Und dann war es endlich soweit das der Gutachter mich sogar persönlich aus dem Wartezimmer abholte, mich freundlich anlächelnd mit Handschlag begrüßte (so als wenn wir alte Bekannte wären) und wir gemeinsam Plaudernd (wie war die Anfahrt, habe ich es gut gefunden, das Wetter hat sich ja gottseidank auch gehalten,…) zu seinem Arztzimmer gingen.

Nach den Anfänglichen allgemeinen Fragen kam er jedoch relativ schnell auf den Punkt.

Die vordringliche Frage des Gutachters war „Warum wurde bisher noch nichts unternommen zur Behandlung meiner Probleme die zur Erwerbsunfähigkeit führten“. Dabei konnte ich feststellen dass er bewusst oder unbewusst vermied eine Krankheitsbezeichnung wie z.B. Burnout zu äußern.

Obwohl mir irgendwann der ganze Tenor des Gesprächs nicht so recht gefiel musste ich zugeben dass der Gutachter sich doch rechte Mühe gab meine Situation zu erfassen bzw. mir zumindest diese Gefühl zu vermitteln.

Außerdem nahm er sich auch gute zwei Stunden Zeit für dieses Gespräch, was ich von den anderen Gutachtern nicht gewohnt war.

Nur zum Ende des Gesprächs verwunderte es mich das er einen weiteren Termin für notwendig hielt mit dem Psychologen des Hauses. Bis zu diesem Zeitpunkt dachte ich noch dass er das wäre und war deswegen auch etwas verwundert als mir eröffnete mich jetzt noch körperlich Untersuchen zu müssen.

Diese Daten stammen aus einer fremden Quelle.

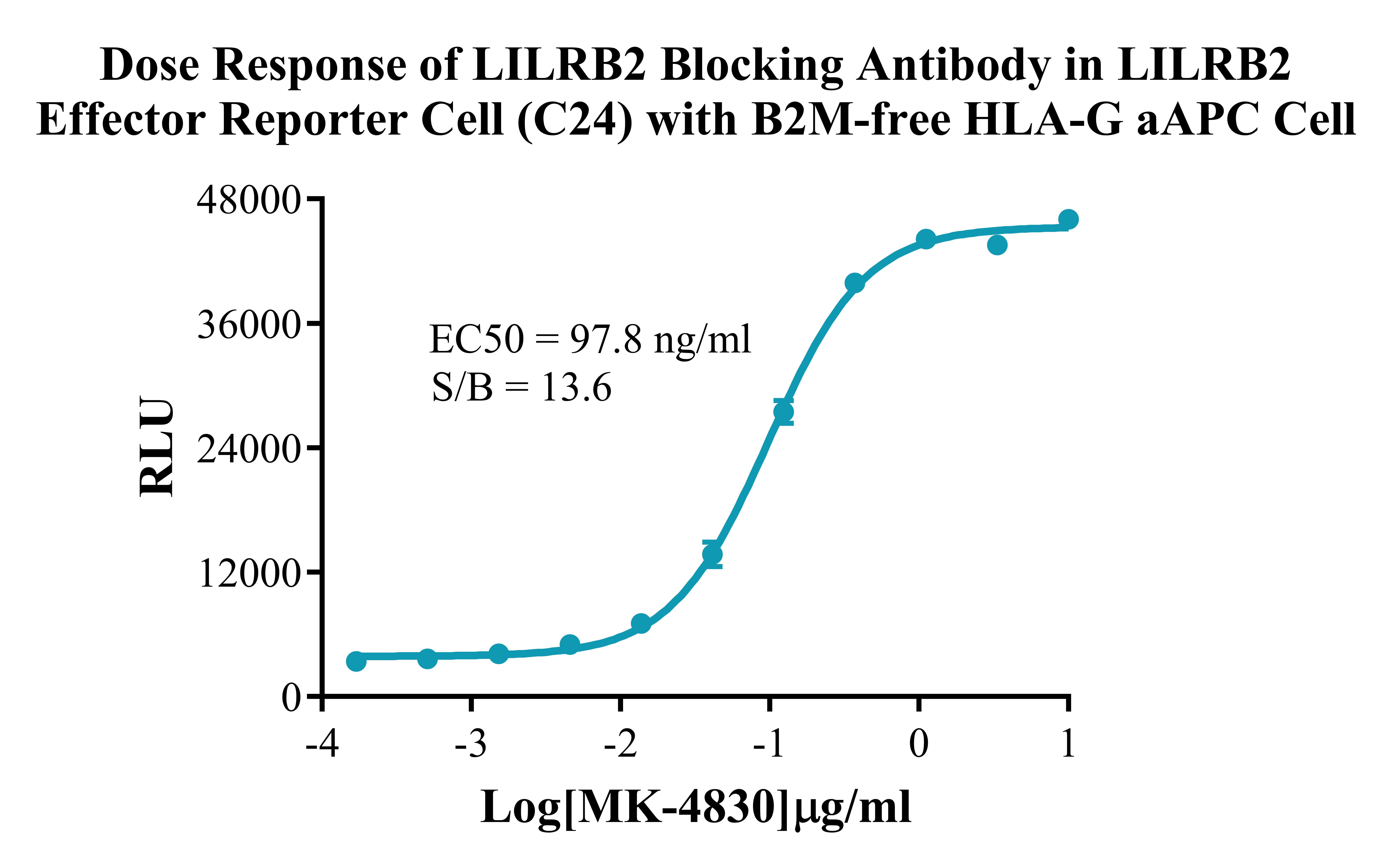 Figure 3. Dose Response of LILRB2 Blocking Antibody in LILRB2 Effector Reporter Cell (C24) with B2M-free HLA-G aAPC Cell. |

Mir drängte sich die Frage auf warum er mich gründlich körperlich untersuchen musste (Blutdruck messen, Lunge abhören, Reflexe an den Armen und Beinen testen, etc.) wenn es sich doch bei mir nicht um ein physisches sondern psychisch Problem handelte.

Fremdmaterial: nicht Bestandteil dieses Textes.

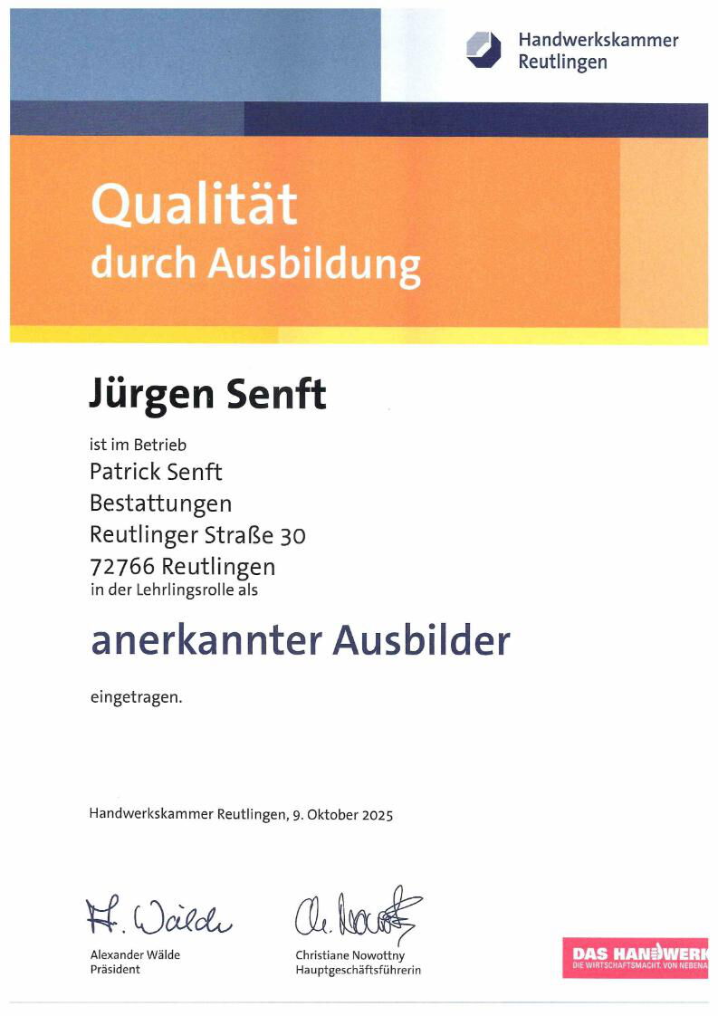 Seit 09. Oktober 2025 anerkannter Ausbildungsbetrieb für den Beruf Bestattungsfachkraft. Eingetragen in der Handwerkskammer Reutlingen.

Oder ist Boreout/Burnout irgendwie äußerlich zu sehen wie z.B. durch wachsen einer Beule am Hinterkopf oder rasselnde Lungengeräusche?

So gesehen hat dieser Termin nicht dazu geführt mir Gewissheit zu verschaffen sondern eher meine Ungewissheit über das weitere in Bezug auf meine Erwerbsunfähigkeitsrente noch weiter gesteigert.